The solution for Bill O'Reilly is simple. It's the same solution Brian Williams had at his disposal. Richard Nixon had it too, and had he used the solution chances are he may never have had to resign.
TELL THE TRUTH.
There are lots of VJ's now, the one-man-bands who do it all. Back when Bill O'Reilly was working for CBS it was always a TV crew. The correspondent was not by himself.
To verify what he claims, Bill O'Reilly can simply name the photographers he was with who witnessed what he claims to have witnessed.
The Washington Post's Erik Wemple writes what's probably slightly disconcerting for FOX News because Erik's piece contains facts and rational thought. Will Roger Ailes take any action at all? Erik asked Fox News for the name of the photographer, and was told it is Roberto Moreno. Keep watching Erik's blog for an update once he finds the cameraman.
Is O'Reilly telling the truth about his "Falklands warzone" coverage? A CBS correspondent who was there doesn't think so. Eric Engberg describes what it was like for CBS crews covering the Falklands War on his Facebook post this way:
"Our knowledge of the war was restricted to what we could glean from comically
deceitful daily briefings given by the Argentine military and watching government-
controlled television to try to pick up a useful clue from propaganda broadcasts. We --
meaning the American networks -- were all in the same, modern hotel and we never
saw any troops, casualties or weapons.
It was not a war zone or even close. It was an "expense account zone.'"
Would any legitimate news organization take immediate action against a host, anchor or reporter
making things up? Of course. Will Fox?
Eric Engberg also takes issue with O'Reilly's description of an injured cameraman.

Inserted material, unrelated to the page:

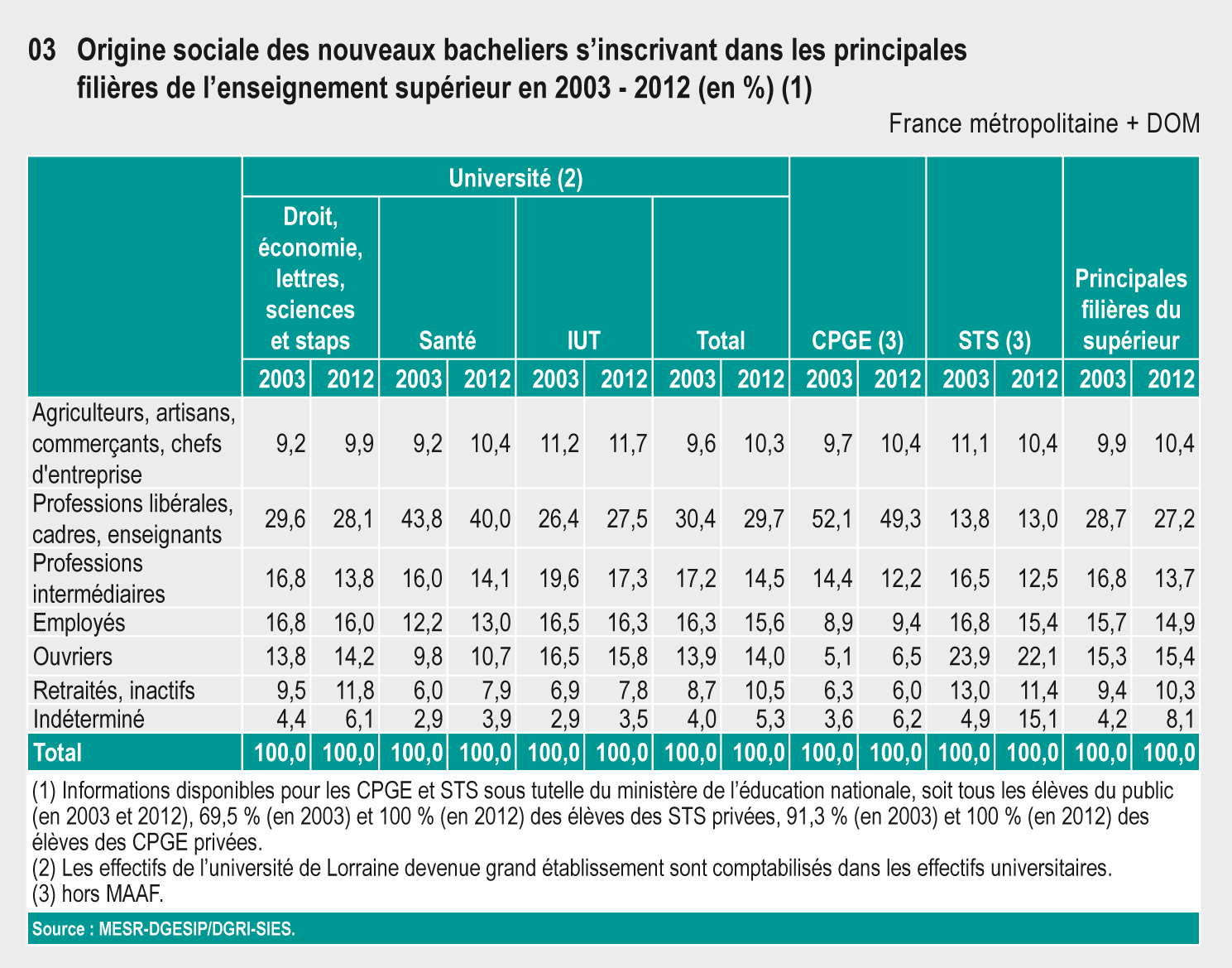 L’accès à l’enseignement supérieur reste fortement lié à l’origine sociale : parmi les bacheliers 2012 qui s’inscrivent immédiatement dans l’enseignement supérieur, les jeunes issus des catégories sociales les plus favorisées sont surreprésentés. 27,2 % ont des parents cadres supérieurs, enseignants ou exerçant une profession libérale, contre 22,3 % sur l’ensemble des bacheliers. En 2012, comme en 2003, les enfants de cadres sont proportionnellement deux fois plus nombreux que les enfants d’ouvriers dans les principales filières de l’enseignement supérieur (tableau 10.03).

"O'Reilly has said he was in a situation in Argentina where "my photographer got
run down and hit his head and was bleeding from the ear on the concrete and the
army was chasing us." The only place where such an injury could have occurred
was the relatively tame riot I have described above. Neither Doyle, who would have
been immediately informed of injury to any CBS personnel, nor anyone else who was
working the story remembers a cameraman being injured that night. No one who
reported back to our hotel newsroom after the disturbance was injured; if a cameraman
had been "bleeding from the ear" he would have immediately reported that to his
superiors at the hotel. This part of O'Reilly's Argentina story is not credible without
further confirmation, and O'Reilly should identify the cameraman by name so he
can be questioned about the alleged injury."
Not being a journalistic organization, what Fox News will do is uncertain. Most likely, it will take no action at all. Bill O'Reilly's program makes money. That's what Fox News cares about, not journalism, not ethics, not professional standards, not truth.
When journalism fails, bad things happen.